James Smart 

Brendan Benson

Venue, Edinburgh
  
  


"This is our first night," says Brendan Benson. "So I'm sorry if it sounds a little rough." The man onstage - who, with his sloppy jumper and vague good looks, resembles an extra from Friends - proceeds to fluff a few intros, forget his lines and respond half-heartedly to a heckler.

This lack of assurance does not help the gig's flow and, perhaps as a consequence, Benson sometimes seems a little removed from his own back catalogue. This is a shame, because much of the three albums he has made over the last 10 years is very good indeed. Whether the punkish singer-songwriter's decent forthcoming album, The Alternative to Love, gives him the success his accessible but intelligent guitar sound arguably merits remains to be seen. Poppy melodics and tough guitars combine, woozy synths are dragged behind up-tempo rhythms and lovelorn acoustic laments build into loping instrumental grooves, while Benson sings of girls and unhappiness.

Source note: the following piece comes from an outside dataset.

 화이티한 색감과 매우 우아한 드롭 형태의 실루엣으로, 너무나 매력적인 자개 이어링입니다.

It is a foot-tapping but ballsy sound, charming but never twee: the sort of music that ruffles your hair as it slaps you about the chops.

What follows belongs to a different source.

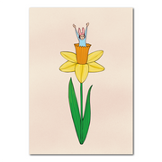 Vrolijk Pasen! Deze narcis heeft wel een heel bijzondere bewoner! Deze ansichtkaart (10 x 15 cm) is met de hand getekend door mij en digitaal afgemaakt. De kaart is professioneel gedrukt op 350 grams papier en de achterkant is goed beschrijfbaar. De daadwerkelijke kleuren kunnen afwijken van de kleuren op het scherm.

He and his band leave the stage a little too soon but a new Benson, bold and intense, reappears for the encore. Piano-led new song Biggest Fan is stately and bittersweet, while the classic You're Quiet comes with a gleaming, crunchy little riff and an infectious energy rush. He rushes off, leaving the crowd to applaud an empty stage, but the impression that this might just be Benson's moment remains.

· At the Sugarmill, Stoke (0871 2302 623), tonight. Then touring.